The mention of Uber spells convenience and efficiency, at least until recently. Before, the online transportation network company headquartered in San Francisco was facing legal charges across continents which really was hurtful to the company’s thrive.
Not so long ago, rumors were going round that the company would shut down from a financial deflation caused by the many incentives and discounts offered by Uber. The company seems to have pulled out a safety card but China has proved hard to hack at least competition wise. Didi, a Chinese transportation network company headquartered in Beijing is giving the company a run for its money.
China being extremely tolerant of taxi disrupters regardless of their local or foreign roots, Uber is not facing regulatory mismatches which means less law suits compared to other states. However, the company is not content with the “Unfair Competition” between taxi hailing companies in China.
Didi, a strongly backed up company in the country provides vehicles and taxis for hire via smartphone. The company was formed from the merger of rival firms Didi Dache and Kuaidi Dache backed by the two largest Chinese Internet companies, Tencent and Alibaba respectively.
Apple too, recently injected invest $1bn into the company funds that have given the Chinese originated company a head start in service execution. The investment is both the US group’s largest minority investment that also marks a departure from its historic aversion to tapping this to invest in start-ups.

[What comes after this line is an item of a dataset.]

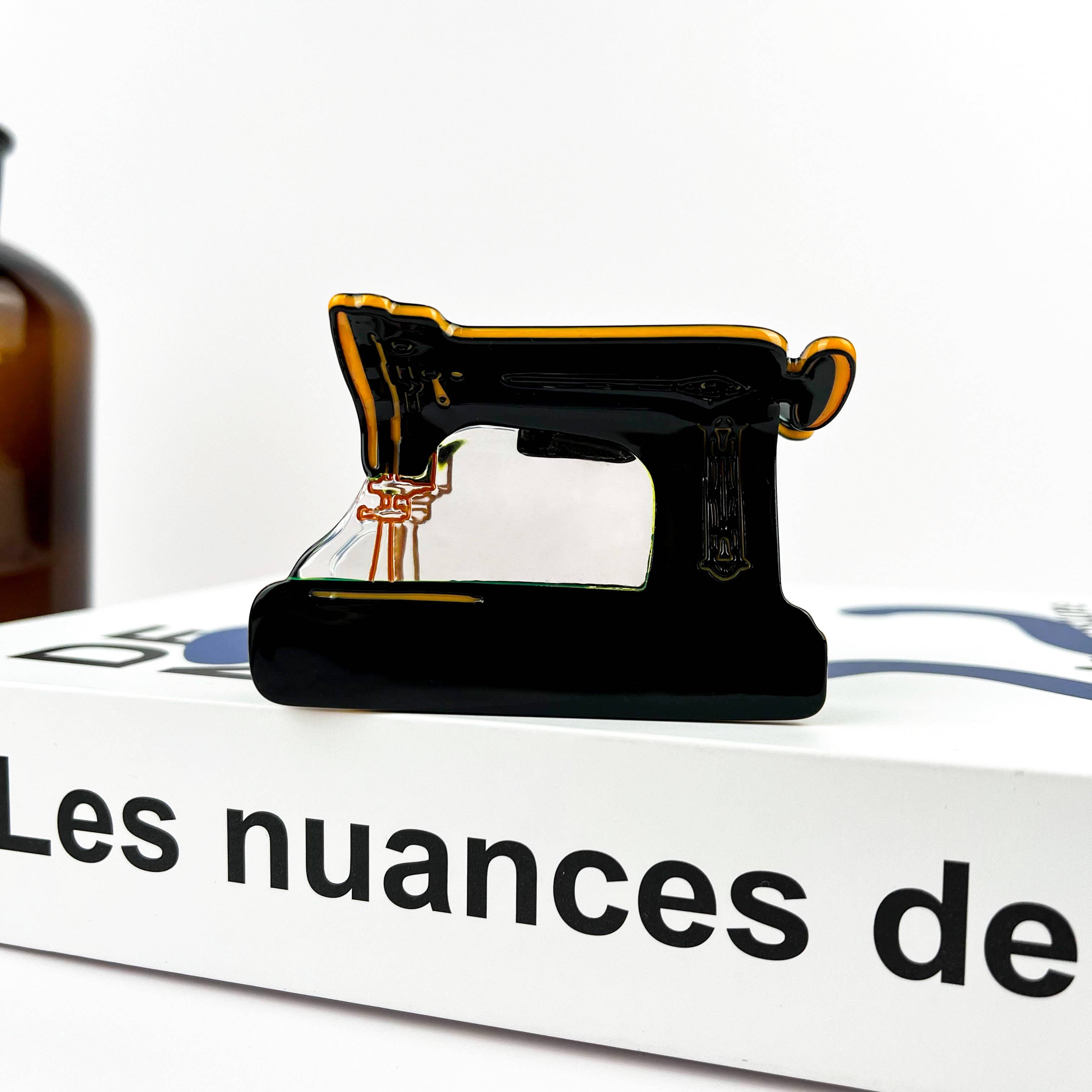Designed in the charming shape of a sewing machine, this unique accessory is crafted from high-quality acetate, offering a durable and stylish finish. Perfect for sewing enthusiasts or anyone who loves quirky fashion, this clip adds a whimsical touch to your hairstyle. Lightweight and secure, it’s suitable for daily wear or as a thoughtful gift for a creative soul.

Didi handles more than 11 million rides each day in 400 cities in China. The company offers services that include taxi hailing, private car hailing, Hitch (social ride-sharing), Chauffeur, DiDi Bus, DiDi Test Drive, and DiDi Enterprise Solutions.
As the leader in China’s sharing economy initiative, DiDi completed a total of 1.43 billion rides on its platform in 2015, while applying its big-data capabilities to solving the country’s transportation and environmental challenges. In February 2016 DiDi became the world’s second largest online transaction platform, next only to Alibaba.
The success and firm foundation is hurting Uber’s business. The expensive battle for market share has seen Uber invest extra on recruiting drivers and subsidizing customer fares.
The company is currently in partnership with the Chinese search giant Baidu and is spending heavily to acquire customers and drivers in the Chinese market. Whether Uber can sail through the outpace Didi in the driverless-car race (both companies have hinted on) will be key.